Another possibility, and in my
mind a bit more likely, is that the prophecy itself was unknown to the Nephite
prophets at the time of Alma. The prophecy
is only recorded on the small plates in our text, and so it may be that Nephi
did not write it on the large plates which, Nephi said, had “the more part of
the reign of the kings and the wars and contentions of my people” (1 Nephi 9:4). Since this was a spiritual prophecy, it may
not have been recorded there on the large plates. The small plates were passed to King Benjamin
by Amaleki and then “he took them and put them with the other plates, which
contained records which had been handed down by the kings, from generation to
generation until the days of king Benjamin.”

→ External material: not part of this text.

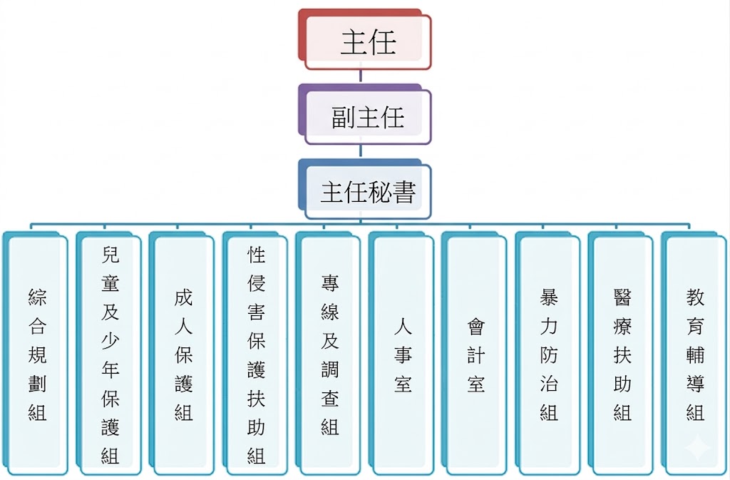 本中心設有主任1人、副主任1人及主任秘書1人,下設綜合規劃組、兒童少年保護組、成人保護組、性侵害保護扶助組、專線及調查組、人事室、會計室、暴力防治組、醫療扶助組、教育輔導組等,分別掌理下列事項:

Mormon said simply that these small plates were then “handed down from
king Benjamin, from generation to generation until they have fallen
into my hands.” But it’s not clear
that they were actually read or noticed much by subsequent prophets, for by the
time Mormon came along, he said that he “searched among the records which had
been delivered into my hands, and I found these plates” (Words of Mormon 1:3, 10-11). These small plates clearly were not a prominent
well-known text if Mormon didn’t even discover them until after he was far into
his abridgement. The small plates may
have simply gotten overlooked among the enormous quantity of other plates
(Mormon said he couldn’t write one hundredeth of the record for us) and so Alma
and his contemporaries wouldn’t have known the prophecies on the small
plates. Another indication that this may
be what happened is that Mormon’s reason for including the small plates in his
record was this: “The things which are upon these plates pleasing me,
because of the prophecies of the coming of Christ” (Words of Mormon 1:4). That suggests that there were prophecies about
the coming of Christ on the small plates (e.g. that he would come exactly 600
years after Lehi left Jerusalem) that they didn’t have anywhere else in the
records. And so, as Alma taught the
people of Ammonihah and expressed his uncertainty about when the Savior would come,
he may have simply been unaware that hundreds of years before his ancestors had
already been told by the Lord the exact date.